Traremos, nesta coluna, algumas reflexões sobre o referido parecer, que serão divididas em duas partes: I) porque a função de agentes de execução deve ser delegada aos tabeliães de protestos; e II) porque a função de agentes de execução não deve ser realizada por advogados, nos termos sugeridos pelo parecer do Conselho Federal da Ordem dos Advogados do Brasil.

O PL 6.204/19, que propõe a desjudicialização da execução civil, sugere que às serventias extrajudiciais seja delegada a função pública de execução de títulos judiciais e extrajudiciais, por meio de outorga a um profissional de direito concursado – o tabelião de protestos – cuja remuneração seja realizada de acordo com os emolumentos fixados por lei, em sua maior parte cobrada do devedor ao final do procedimento executivo. A fiscalização dessa atividade será realizada pelo Poder Judiciário, através do Conselho Nacional de Justiça e das corregedorias gerais de justiça estaduais.

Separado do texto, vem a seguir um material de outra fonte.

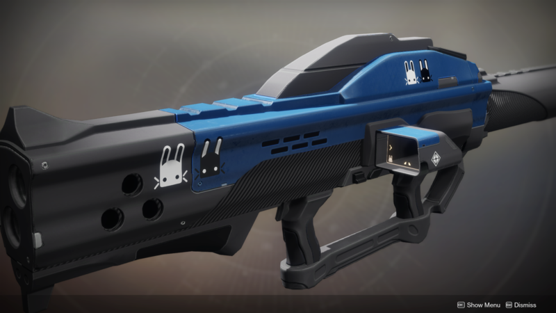 This image is a screenshot of a weapon from the Destiny series of first-person shooter video games developed by Bungie Studios and published by Bungie or Activision. It falls under the screenshot category for a copyrighted computer game or video game, and the copyright for it is most likely held by the company that developed the game. It is believed that the use of a limited number of web-resolution screenshots:

Segundo José Afonso da Silva, a delegação corresponde à “outorga de serviço público a pessoa privada em nome próprio e por sua conta e risco”. A delegação não confere ao delegatário o exercício de cargo público, não há nomeação e tampouco provimento. A delegação de ofício também não se confunde com a delegação de competência ou de encargos administrativos. A delegação é, sim, um “modo de atribuição do serviço a particulares que se habilitam para tanto”, no caso dos notários e registradores, mediante concurso público.1

O ofício delegado é de competência do Estado, cuja titularidade é mantida; tão somente o exercício desse ofício é transferido a um particular. Não é demais frisar: pública é a função notarial e registral, privado é o seu exercício.2

Assim, o PL 6.204/19 propõe que sejam delegadas a um agente privado as funções de verificar os pressupostos da execução, realizar a citação, penhorar, vender, receber pagamentos e dar quitação, reservando-se ao juiz estatal a eventual resolução de litígios, quando provocado por intermédio dos embargos à execução, da impugnação ao cumprimento de sentença e de outros instrumentos previstos no PL, como a consulta e a suscitação de dúvida.

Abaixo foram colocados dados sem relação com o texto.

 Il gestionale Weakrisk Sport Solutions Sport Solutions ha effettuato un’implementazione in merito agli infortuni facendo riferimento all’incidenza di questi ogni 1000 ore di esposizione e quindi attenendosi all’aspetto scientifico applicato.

Mais especificamente, o PL 6.204/2019 busca promover a transferência da maior parte das atividades executivas, hoje desempenhada pelos órgãos do Poder Judiciário, ao tabelião de protestos, já que afeito aos títulos de créditos e outros documentos de dívida e dotado de infraestrutura para localização e intimação do devedor.

Para que se possa justificar a ampliação das funções do tabelião de protestos, delegando-lhe a atividade executiva, é relevante observar suas competências originárias, para então afirmar que há afinidade procedimental, ainda que a execução seja mais ampla, envolvendo outras práticas como a penhora e a alienação de bens.
Segundo a lei 9.492/97, compete privativamente ao tabelião de protestos “a protocolização, a intimação, o acolhimento da devolução ou do aceite, o recebimento do pagamento, do título e de outros documentos de dívida, bem como lavrar e registrar o protesto ou acatar a desistência do credor em relação ao mesmo, proceder às averbações, prestar informações e fornecer certidões relativas a todos os atos praticados” (art. 3º).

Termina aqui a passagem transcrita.